### [WHAT TO DO]
Take the material below and extract the lines from the one with "Title (ebay affiliate" through the one with "Wohn-/Kochbereich mit 2", word for word, without pictures.

__________

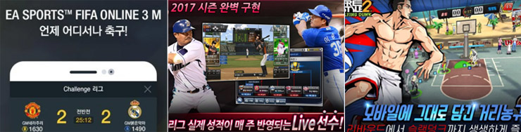 ... 매달 초 순위 급상승을 보이는 피파온라인3M(11위)를 시작으로 농구게임 프리스타일2:플라잉덩크(12위), 엔씨소프트의 프로야구H2(19위), 컴투스프로야구2017(27위) 등 4종의 게임이 서비스되고 있다. 이는 PC온라인게임 시절 숱한 RPG의 인기에도 피파온
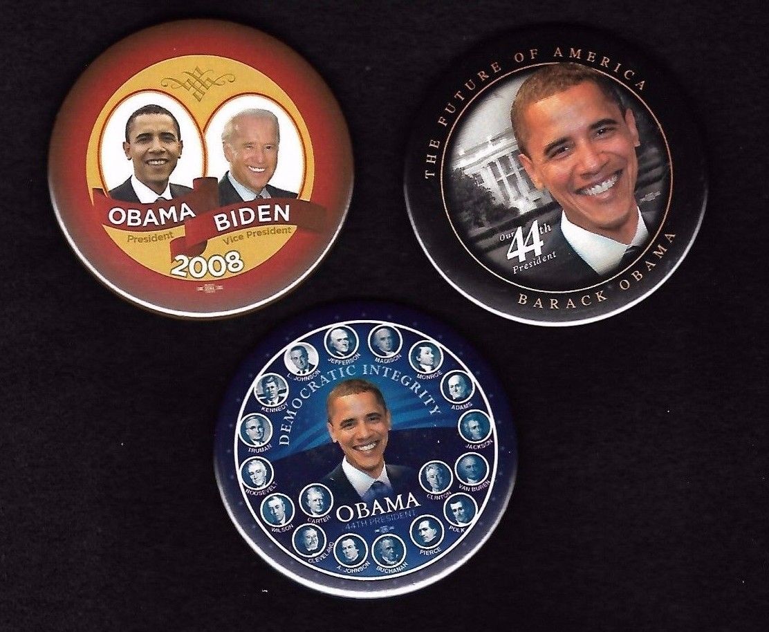 Title (ebay affiliate link): 3 different BARACK OBAMA photo buttons from 2008: Dem Presidents, jugate, 44
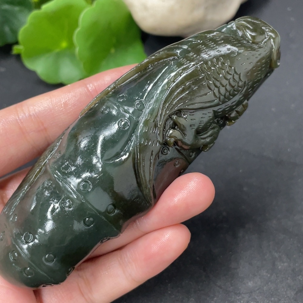 Hetian Jade Handheld Carving Bamboo Joint Total Weight Approx. 182.7g
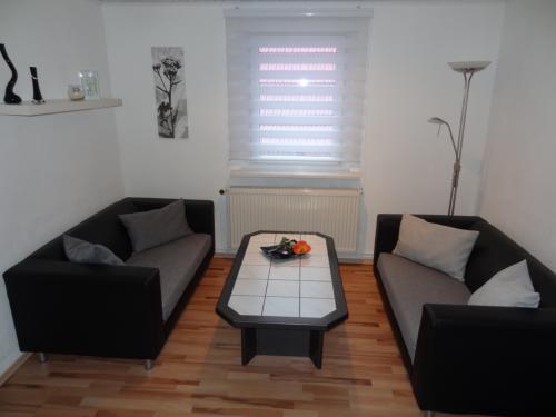 Wohn-/Kochbereich mit 2 Zweisitzern, TV-SAT, Radio, kleine Küche zur Selbstversorgung (Kühlschrank mit Gefrierfach, 2 Ceran-Kochfelder, Kaffeemaschine, Minibackofen, Toaster)
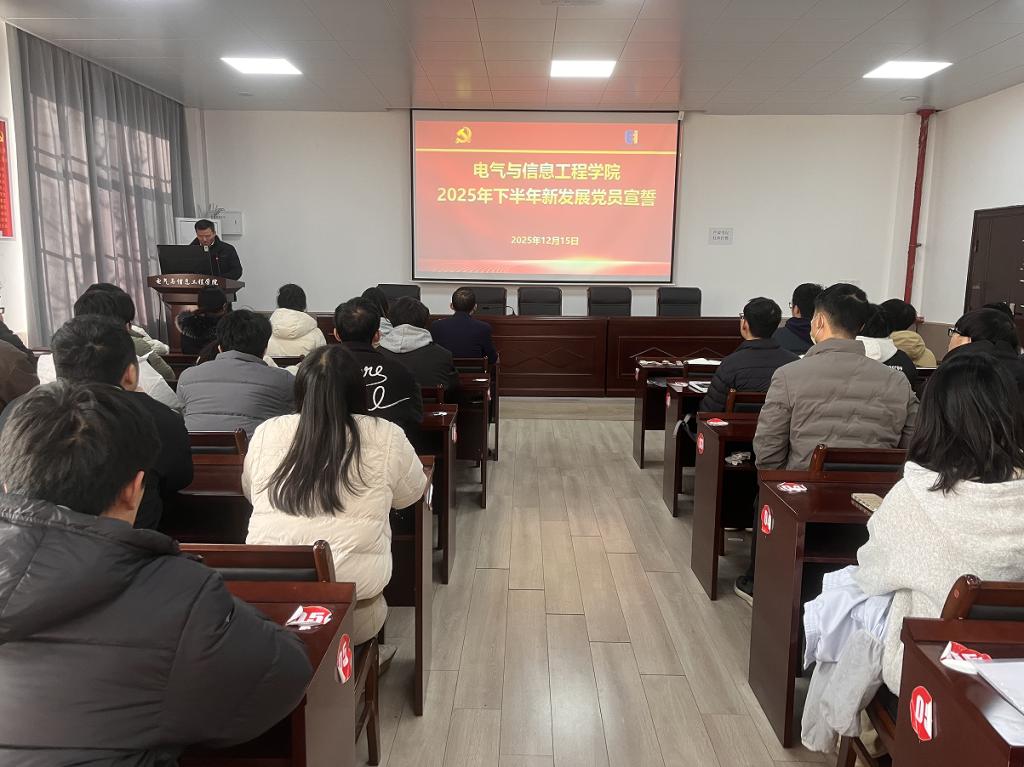 为进一步教育引导新发展党员铭记入党初心、强化党员意识、坚定理想信念,发挥党员先锋模范作用。12月15日下午,学院党委在电气楼113室举行2025年下半年新党员入党宣誓活动暨专题党课。学院党委书记丁忠利、党委副书记孔洋波、2025年下半年新发展党员参加活动,孔洋波主持。
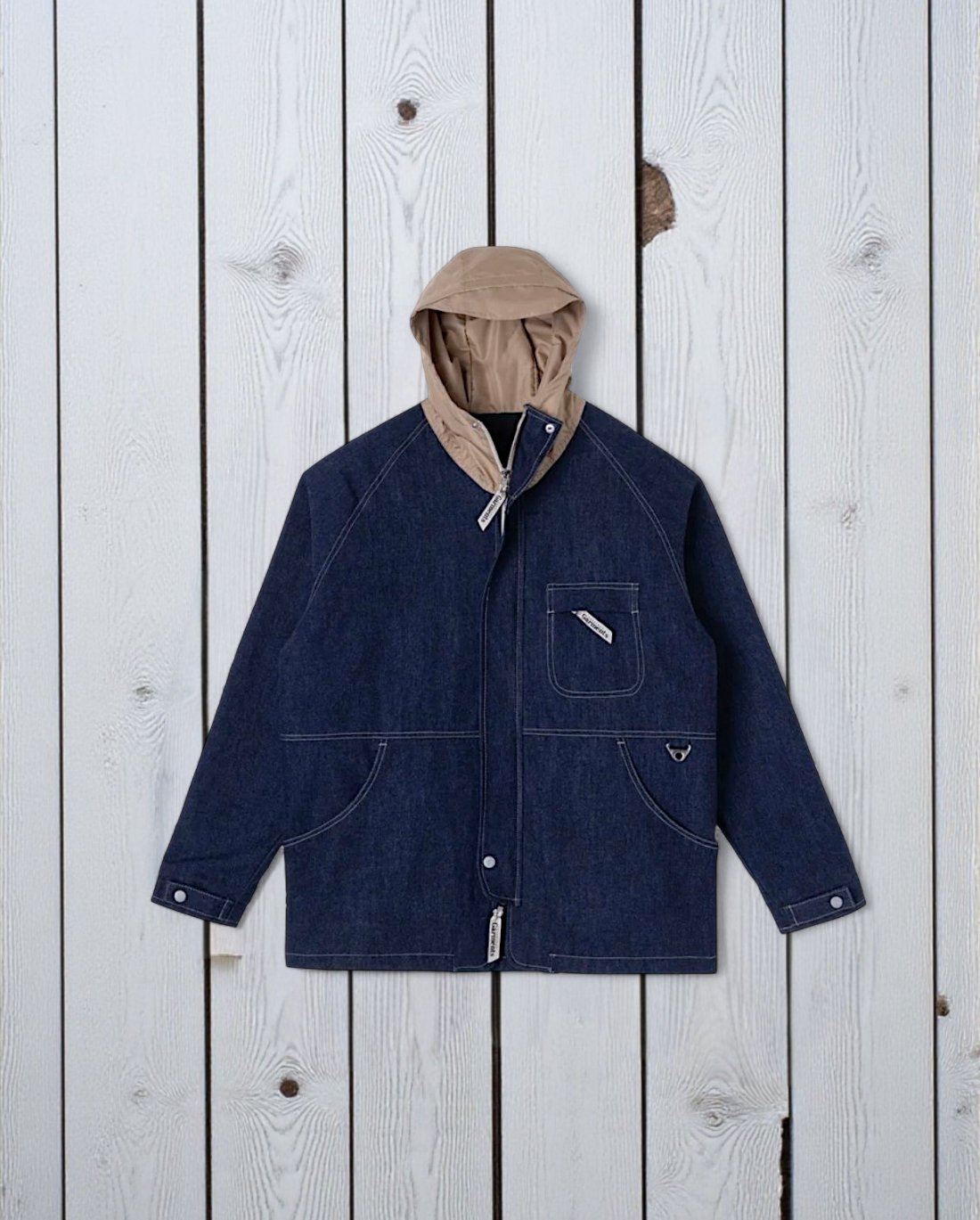 A denim jacket with a nylon hood is a stylish hybrid piece that combines the rugged, casual vibe. weather-resistant functionality of nylon Hood.

__________

### [RESPONSE AREA]
 Title (ebay affiliate link): 3 different BARACK OBAMA photo buttons from 2008: Dem Presidents, jugate, 44
 Hetian Jade Handheld Carving Bamboo Joint Total Weight Approx. 182.7g
 Wohn-/Kochbereich mit 2 Zweisitzern, TV-SAT, Radio, kleine Küche zur Selbstversorgung (Kühlschrank mit Gefrierfach, 2 Ceran-Kochfelder, Kaffeemaschine, Minibackofen, Toaster)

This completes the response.